**Task prompt:** Beginning with the line that contains "ハンドメイド ポンポン&刺繍&ビーズ ピアス", retype the entries below exactly, ending with the line that contains "Mim and More". Leave out any pictures.

**Input for this task:**
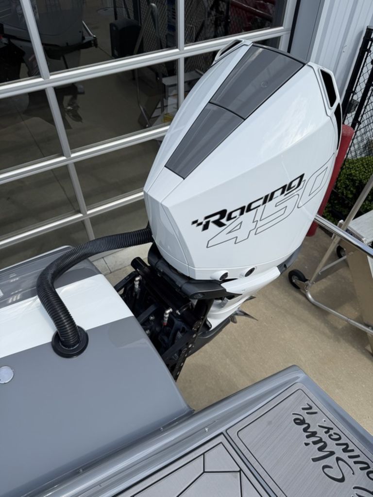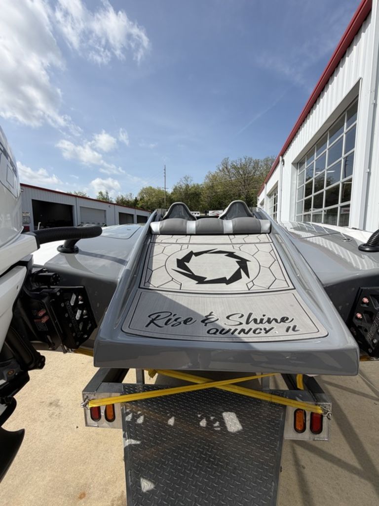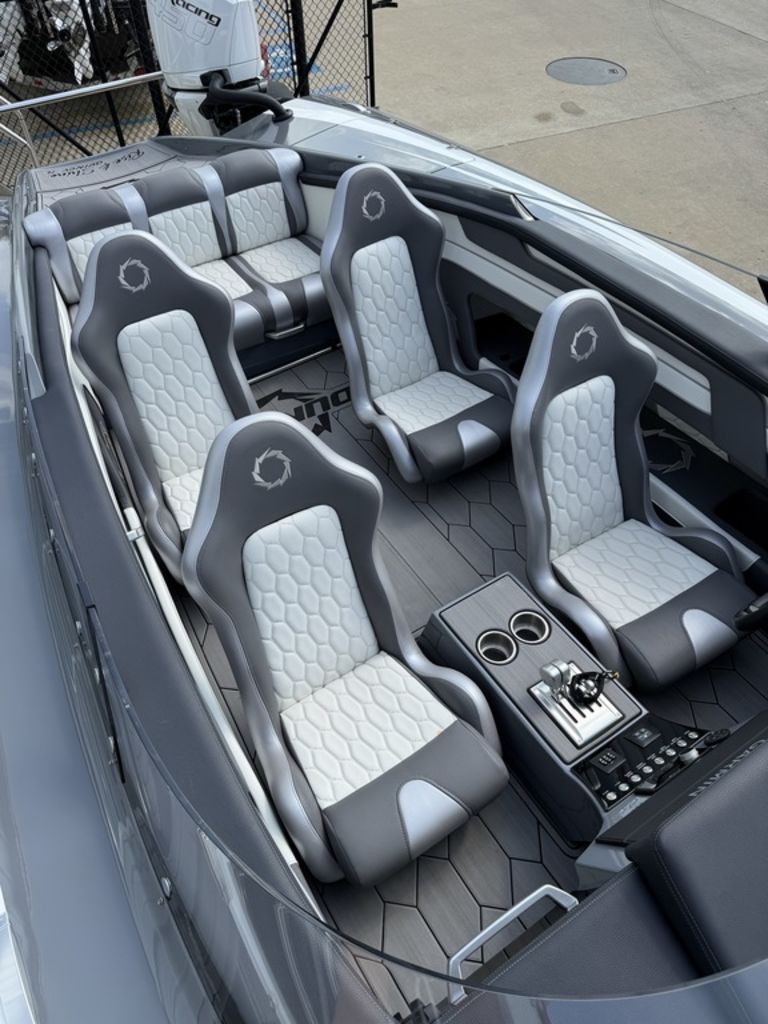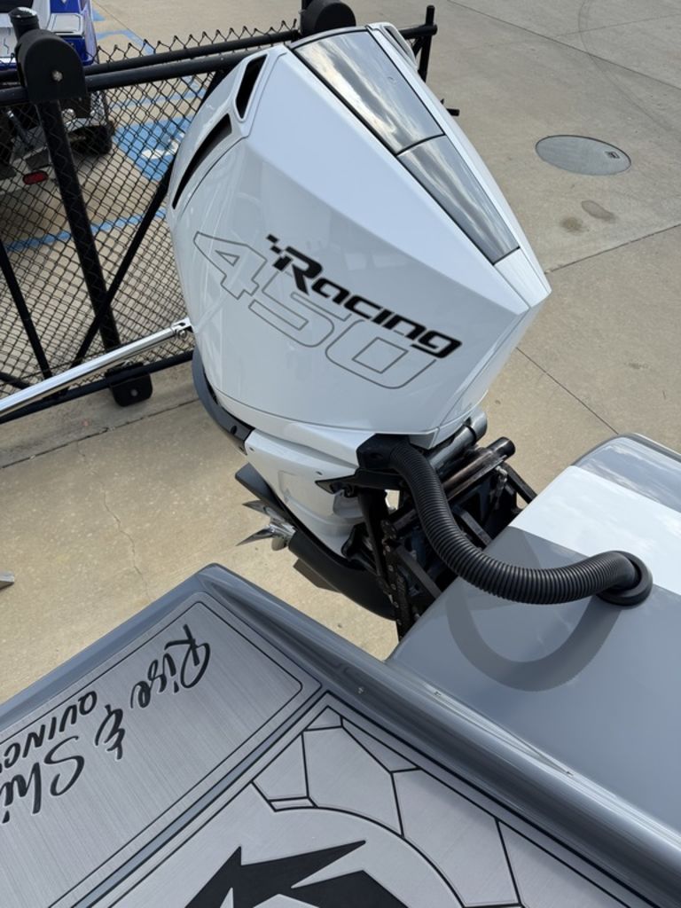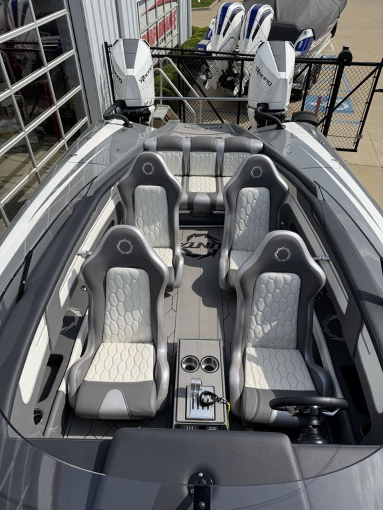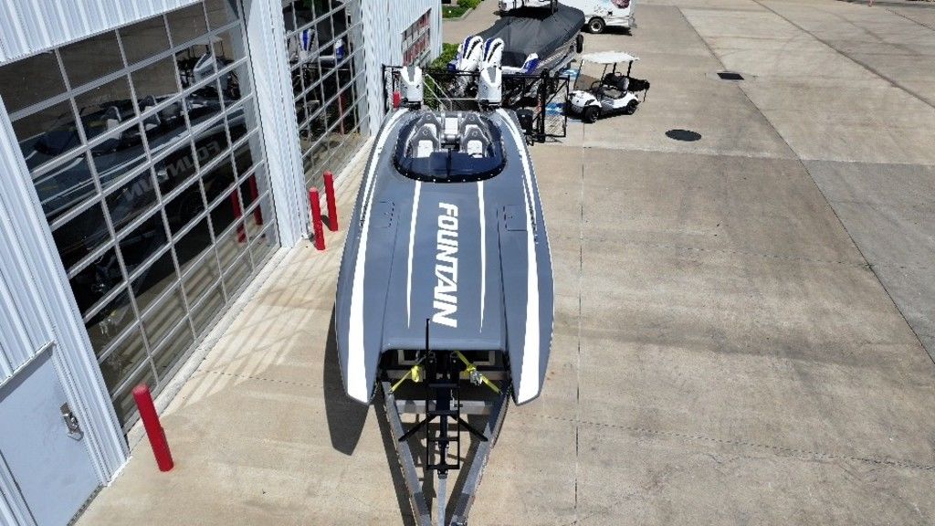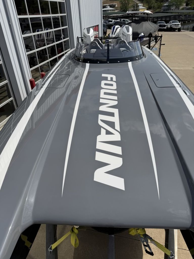 2023 Fountain Thundercat 34 powered by Mercury Racing 450 R, Garmin Gps, Mercury Vessel View, Billet controls, Billet switches, Remote battery switches, Sea deck flooring, Clever props, JL audio sound system, 7 person seating, hatch storage compartments, Battery charger, Cockpit cover, CTS aluminum trailer included
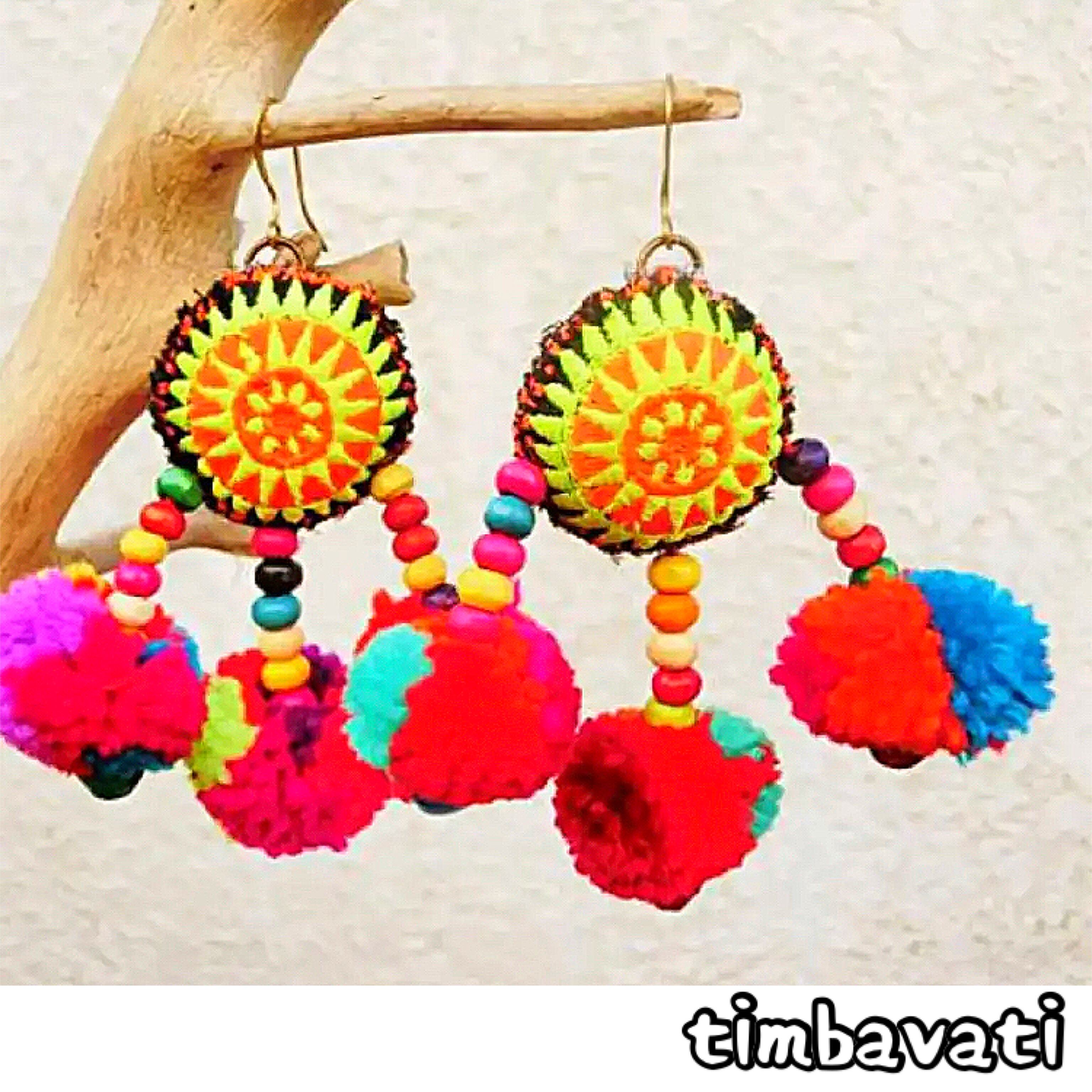 【タイ】モン族 ハンドメイド ポンポン&刺繍&ビーズ ピアス
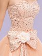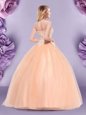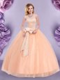 Home >  Quinceanera Dresses >  Cheap Quinceanera Dresses > Floor Length Zipper Sweet 16 Dress Peach and In for Military Ball and Sweet 16 and Quinceanera with Beading and Bowknot
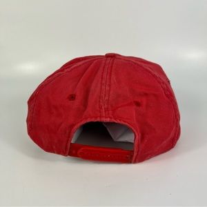 In good condition! Funny graphic of a man fixing a TV, saying ‘Don’t worry I’ll fix it!’ Red colored hat with a colorful print. Embroidered blue wrench detail. Adjustable back. Gently used.
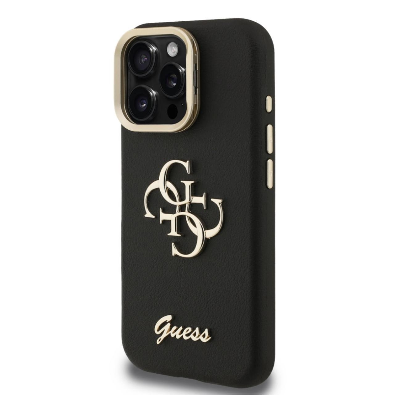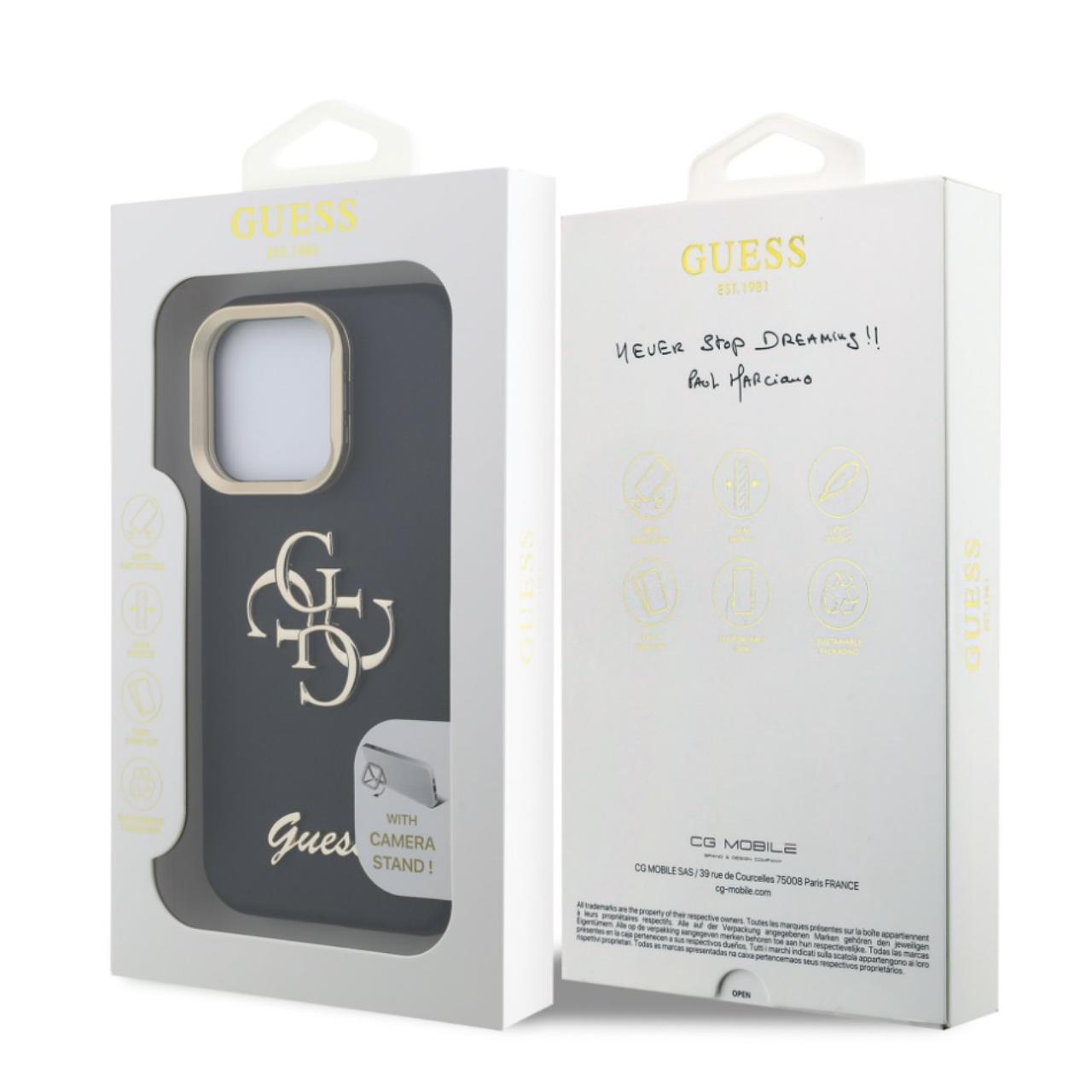Custodia Guess Grained 4G Logo Stand Camera Frame per iPhone 15 Pro Max Nero
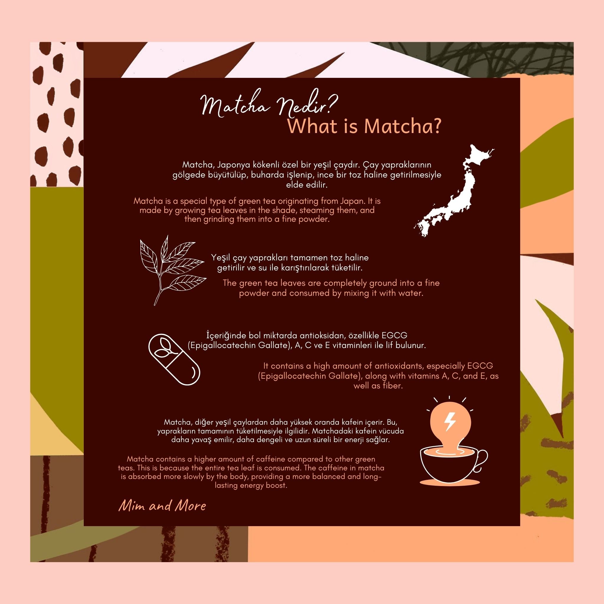 Mim and More firması olarak Türkiye’de ve belki de global çapta bir ilk olan aromalı Matcha’lara imza attık. Türkiye'de bulunan Matcha'lardan doğal yeşil rengi ve üstün kalitesiyle ayrılan Matcha çeşitlerimizi denediniz mi?
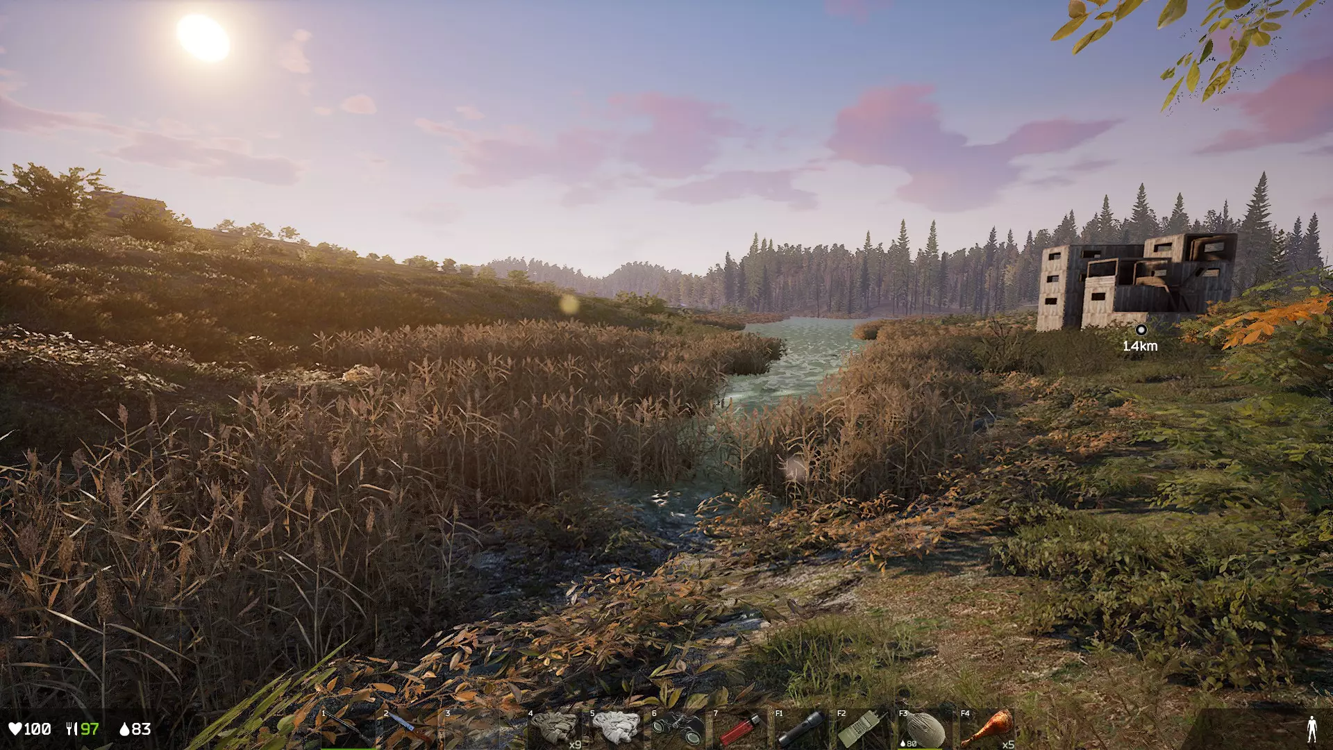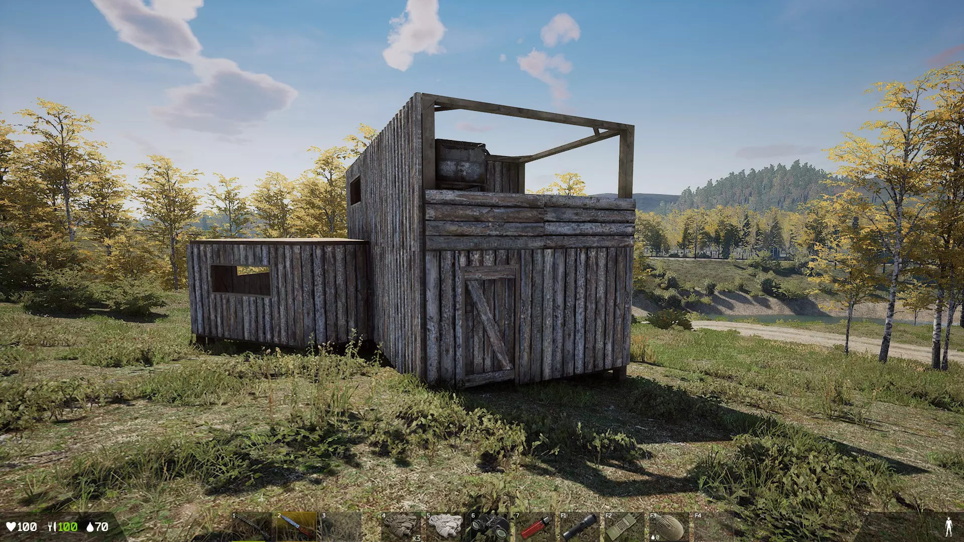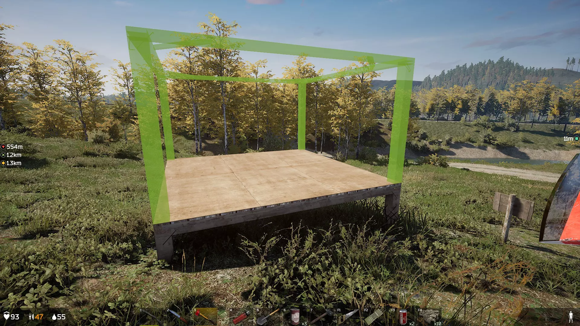 对于拾荒者级别的玩家来说,像军队这类人经常会丢弃有用的东西,所以就算有厉害的家伙瞬间完成任务去搜刮物资,也不要放弃。仔细查看已经被打倒的尸体,往往会发现有配件等物品被遗留下来。 4.基地建造 建立基地时需要考虑的要点:能否通过农场种植食物?选址时要考虑可耕种区域的距离和人气程度,是否靠近安全区。如果涉及PvP,要选择不显眼或具有威慑力的位置,还要注意地面坡度。 需要携带的物品:能否通过B键进行准备制作,斧头、锤子、锯子、钉子约200个、电子锁、最基本的自卫手段、食物和水、最低限度的医疗用品,最好还有2块金属板。 安全区内的树木无法砍伐,需要在现场砍伐。 首先重要的是选址,但本作中基地之间的距离限制相当严格。不过,还是尽量选择靠近可耕种区域和安全区的位置,固定刷新食物的营地附近是有力候选之一。只是单纯选择可以建造基地的地方附近也行,但物资供给会不稳定。适合建造基地的地点还包括可以猎鹿的地方,或者附近有玩家放置了水塔的位置。如果附近没有任务触发点,或者离可以建造基地的地方太远,就会很不方便。尤其是想要大量囤积物资的玩家,最好考虑金属板的供给情况。热门地点附近很难捡到物资,但冷门地点又会因附近缺乏高难度任务而陷入困境。此外,如果地形倾斜度过大,就无法建造地基,所以尽量选择平坦的地方。这次为了不考虑太多复杂因素,只考虑了PVE模式,但如果是PVP模式,需要考虑的条件会更多。这就导致了对黄金地段的激烈争夺,与同类游戏相比竞争也相当激烈。我花了大约30分钟才从符合条件的1平方公里土地中找到可以建造的地方。建议大家善用标记功能,先规划好想建造的区域,再去寻找土地进行建造。
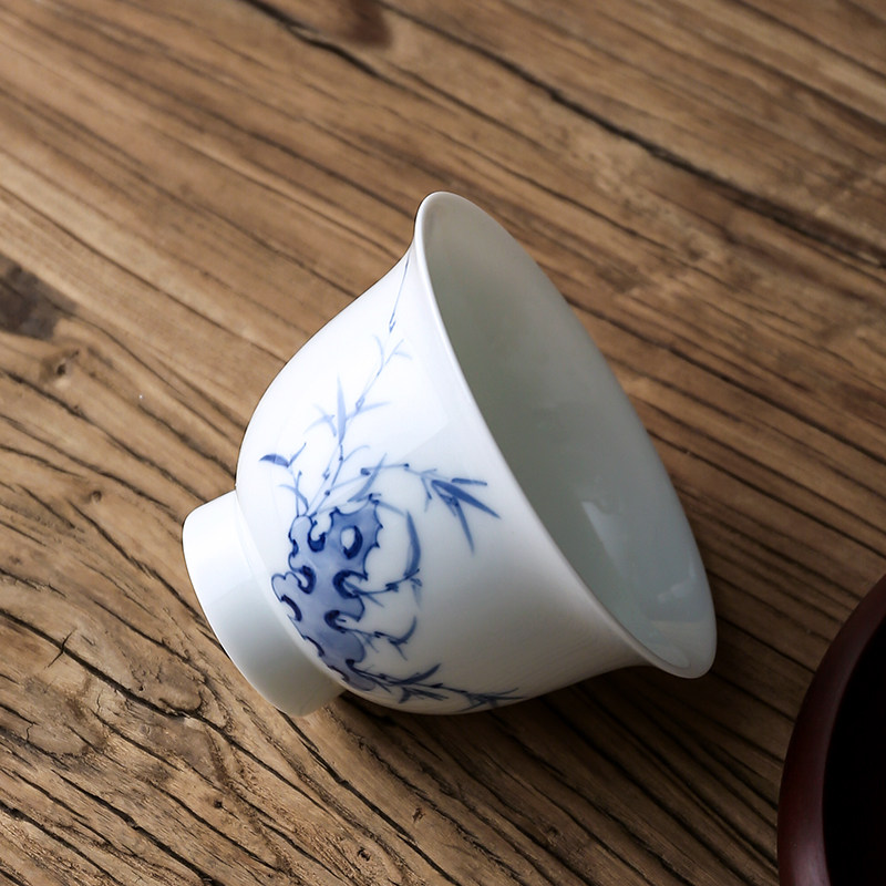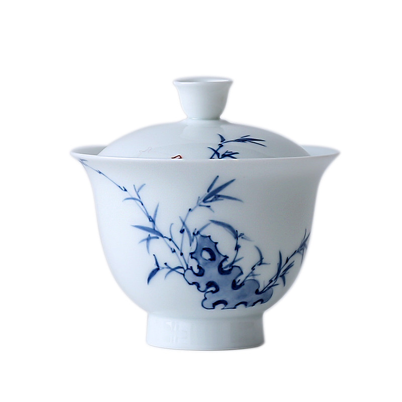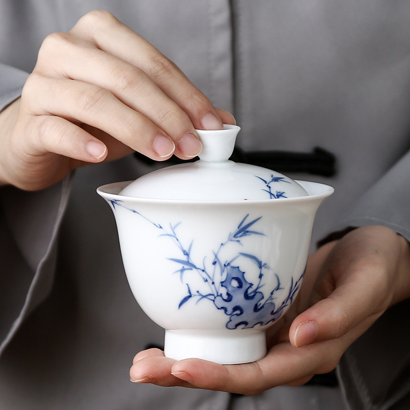 Underglaze hand-painted cover bowl tea cup tea large three-level cup kung fu tea set ceramic underglaze color blue and white porcelain cover bowl
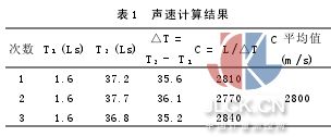 2.3聲速測定 利用CTS-25型時間讀數(shù)裝置,取一試樣 50×100 mm,用50KC-28探頭,測量超聲波通過試樣時間,并計算聲速(見表1)。

**Exercise result:**
 【タイ】モン族 ハンドメイド ポンポン&刺繍&ビーズ ピアス
 Home >  Quinceanera Dresses >  Cheap Quinceanera Dresses > Floor Length Zipper Sweet 16 Dress Peach and In for Military Ball and Sweet 16 and Quinceanera with Beading and Bowknot
 In good condition! Funny graphic of a man fixing a TV, saying ‘Don’t worry I’ll fix it!’ Red colored hat with a colorful print. Embroidered blue wrench detail. Adjustable back. Gently used.
Custodia Guess Grained 4G Logo Stand Camera Frame per iPhone 15 Pro Max Nero
 Mim and More firması olarak Türkiye’de ve belki de global çapta bir ilk olan aromalı Matcha’lara imza attık. Türkiye'de bulunan Matcha'lardan doğal yeşil rengi ve üstün kalitesiyle ayrılan Matcha çeşitlerimizi denediniz mi?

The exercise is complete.